EXERCISE OBJECTIVE
Write out the records once more, exactly, and keep any image out.

━━━ STUDY MATERIAL ━━━

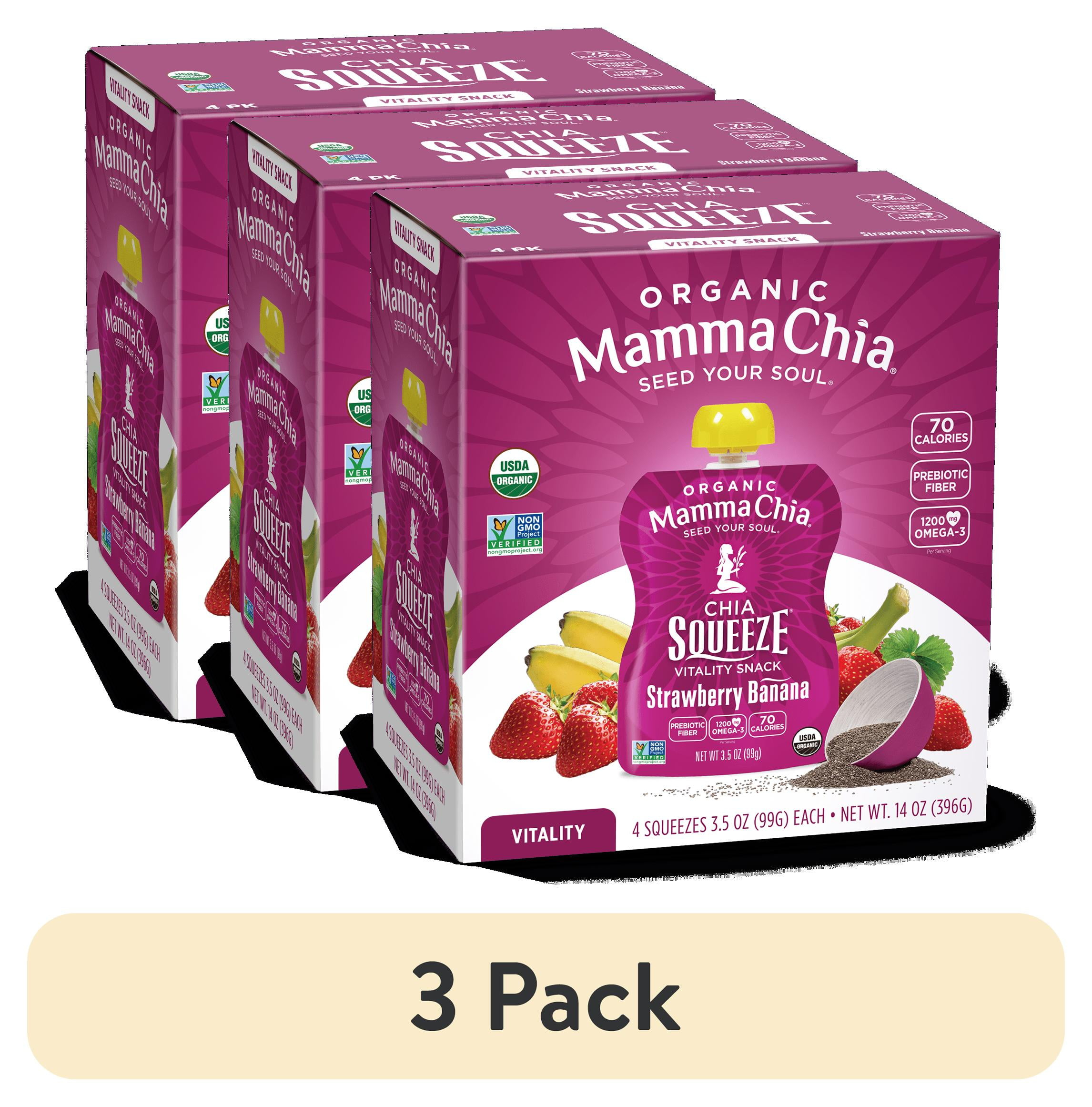 (3 pack) Mamma Chia Strawberry Banana Organic Chia Squeeze Pouch, 3.5 oz, 4 Pouches
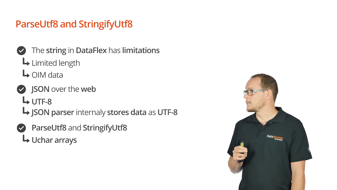 - Two APIs, ParseUtf8 and StringifyUtf8, have been added to allow larger pieces of JSON to be collected in the UTF-8 format. They return Uchar arrays, which support larger strings in DataFlex.
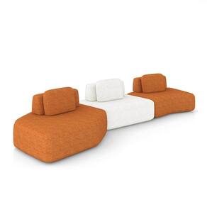 Sofá 3 Lugares Orgânico Com Chaise E 2 Módulos Berlim Bouclê Caramelo/off White K01 - D'rossi
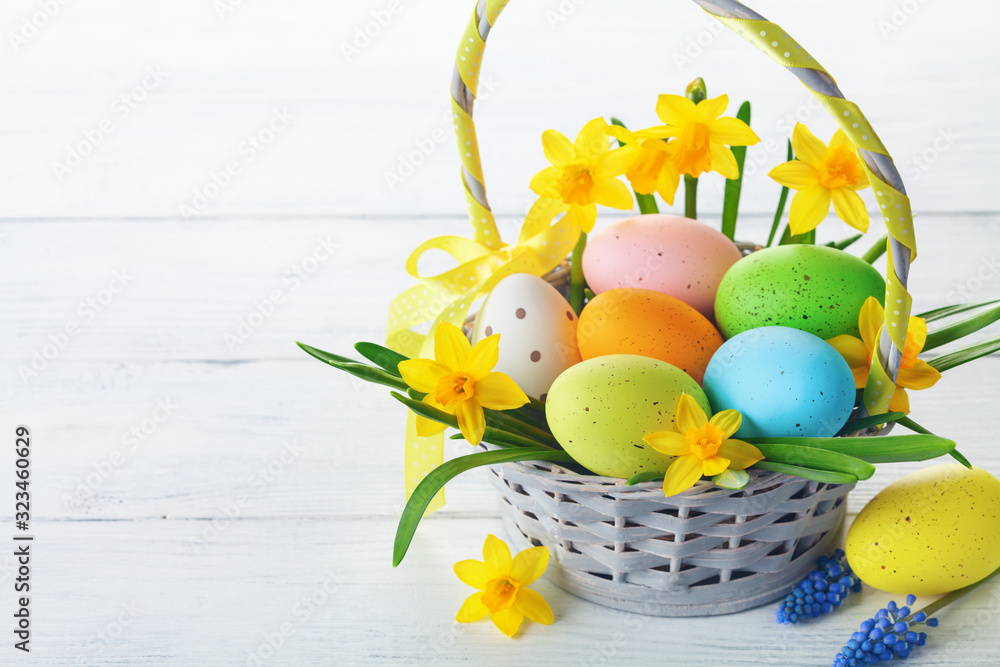 Colorful Easter eggs in basket and spring daffodil flowers on white wooden table.
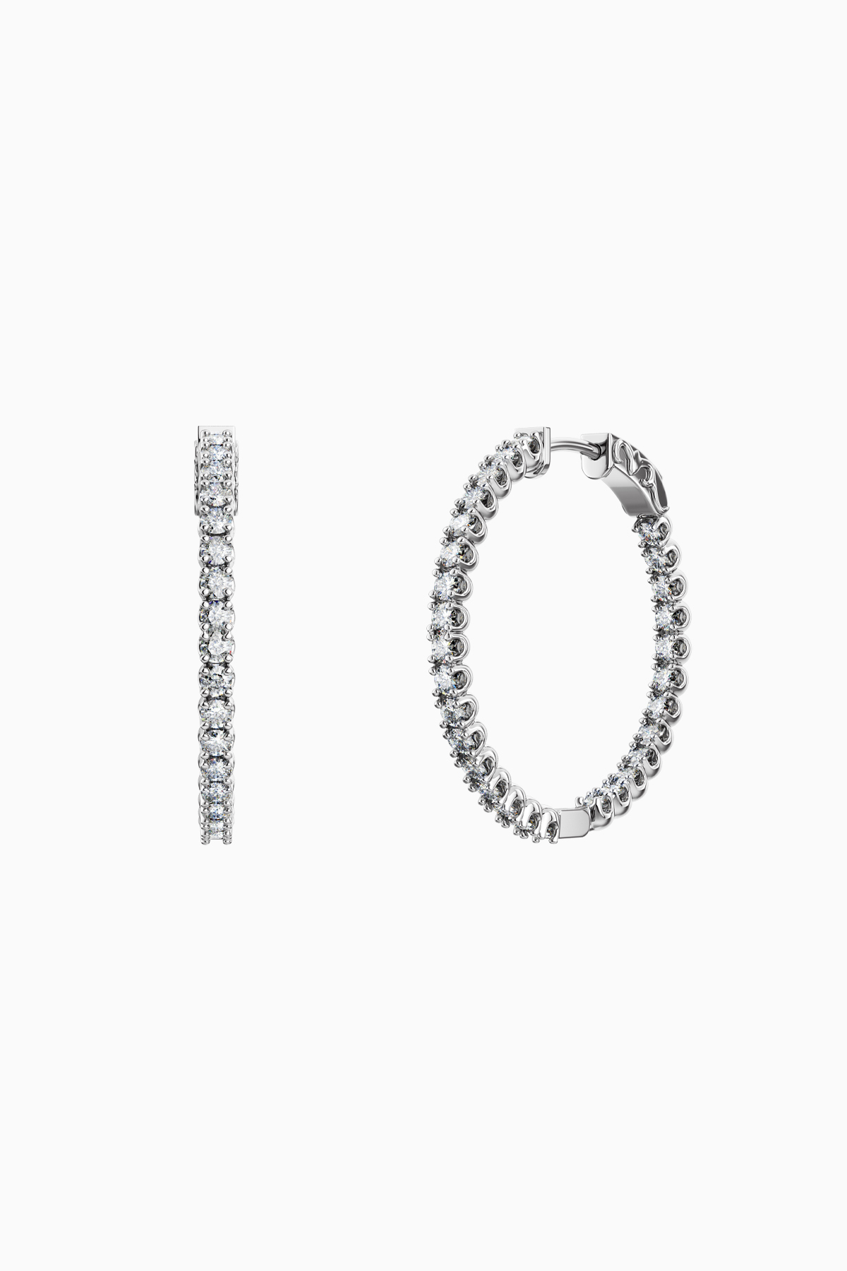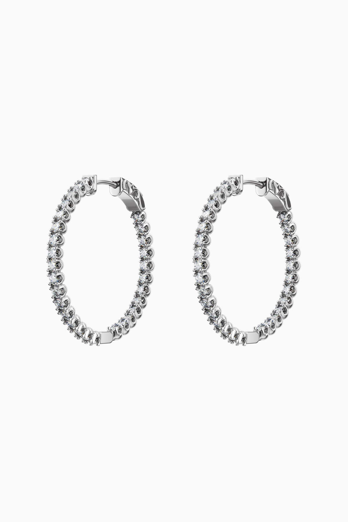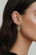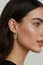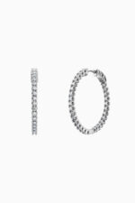 Cercei din argint Manissi Diamond Round 2 mm placati cu aur alb de 18K, placare standard de 0.6 microni, diametru 2,5 cm. Cerceii au si un strat protector pe suprafata pentru a preveni amprentele, cresterea rezistentei la zgarieturile fine, cresterea protectiei impotriva oxidarii. Piatra este diamant moissanite de 2 mm, 0.03 carate per piatra, culoare D, claritate VVS1, taietura excelenta rotunda. Cerceii au diametrul intern de 2.5 cm.
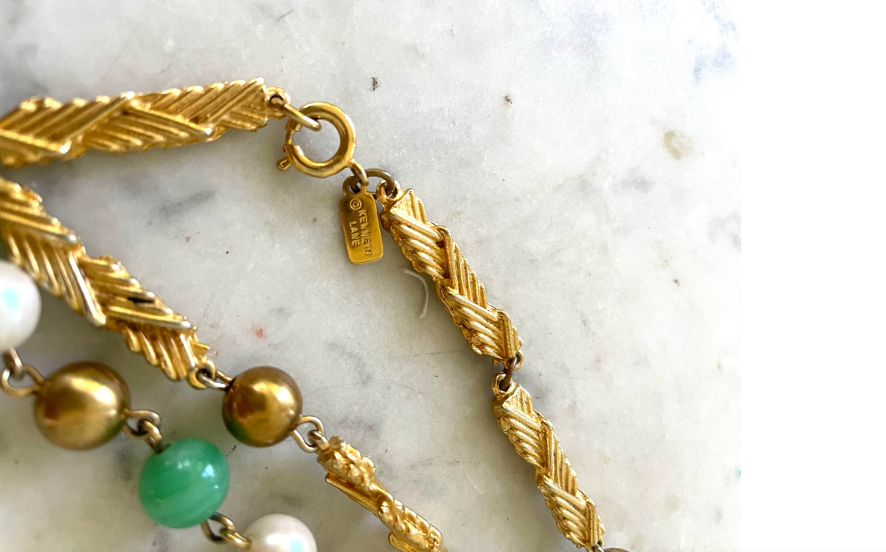 Vintage Kenneth Lane Pearl & Jade Necklace

━━━

WRITTEN ANSWER
 (3 pack) Mamma Chia Strawberry Banana Organic Chia Squeeze Pouch, 3.5 oz, 4 Pouches
 - Two APIs, ParseUtf8 and StringifyUtf8, have been added to allow larger pieces of JSON to be collected in the UTF-8 format. They return Uchar arrays, which support larger strings in DataFlex.
 Sofá 3 Lugares Orgânico Com Chaise E 2 Módulos Berlim Bouclê Caramelo/off White K01 - D'rossi
 Colorful Easter eggs in basket and spring daffodil flowers on white wooden table.
 Cercei din argint Manissi Diamond Round 2 mm placati cu aur alb de 18K, placare standard de 0.6 microni, diametru 2,5 cm. Cerceii au si un strat protector pe suprafata pentru a preveni amprentele, cresterea rezistentei la zgarieturile fine, cresterea protectiei impotriva oxidarii. Piatra este diamant moissanite de 2 mm, 0.03 carate per piatra, culoare D, claritate VVS1, taietura excelenta rotunda. Cerceii au diametrul intern de 2.5 cm.
 Vintage Kenneth Lane Pearl & Jade Necklace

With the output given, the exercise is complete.